F1ピットストップBACK NUMBER
「レース人生でも完璧な決断だった」
ハミルトン、聖地で最多3勝に並ぶ。
text by
尾張正博Masahiro Owari
photograph byAFLO
posted2015/07/12 10:50
チームメイトのロズベルクに喜びを爆発させるハミルトン。昨年に引き続きドライバーズポイントでもトップを走っている。
ハミルトンが挑んだ3度目のシルバーストン制覇。
クラークはイギリスGPで通算5度の優勝を経験しているが、1回目の'62年はエイントリーで開催されたもので、'64年の3回目の優勝もブランズハッチであるため、シルバーストンでは3回しか勝っていないという計算となる。
またマンセルは通算4度イギリスGPを制しているが、最初の'86年はブランズハッチでの勝利であるため、シルバーストンでの優勝は3回となる。
今年のシルバーストンでは、その偉大な2人の記録にハミルトンが挑んだ。
ハミルトンは過去に2度シルバーストンでのイギリスGPを制しているが、いずれも予選は2列目以下で、展開に恵まれた末の勝利。ポールポジションを獲得した今回は自力での優勝を狙っていた。
しかし、スタートで2番手に後退。さらにセーフティーカーが導入された後の再スタートでもう1つポジションを落とし、3番手からのレースを余儀なくされた。
シルバーストンは高速コーナーが多い代わりに、ストレートはいずれも1km以下。

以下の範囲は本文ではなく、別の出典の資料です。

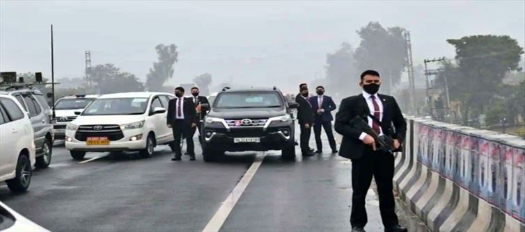 हुसैनीवाला में राष्ट्रीय शहीद स्मारक से लगभग 30 किलोमीटर दूर, जब पीएम का काफिला एक फ्लाईओवर पर पहुंचा, तो पाया गया कि कुछ प्रदर्शनकारियों ने सड़क को अवरुद्ध कर दिया था। पीएम 15-20 मिनट फ्लाईओवर पर फंसे रहे। यह पीएम की सुरक्षा में एक बड़ी चूक थी।

オーバーテイクが困難なサーキットである。
ピットイン戦略での逆転を狙ったハミルトン。
コース上での追い抜きが難しいと判断したハミルトンとチームは、ピットストップ戦略で前を走る2台のウイリアムズ勢をかわす作戦に出た。
この作戦が見事に的中し、ハミルトンはピットストップ後にトップに立つ。
ところが、レース後半、シルバーストンに雨が降り始める。
しかも、雨は一気に降り始めるのではなく少しずつ、しかも部分的に降り出したため、ウエットタイヤへ交換する判断が難しかった。
このような状況では、ピットにいるエンジニアよりも、実際に走行しているドライバーの判断が優先される。
43周目、上位勢で最初にピットインする決断を下したのは、トップを走るハミルトンだった。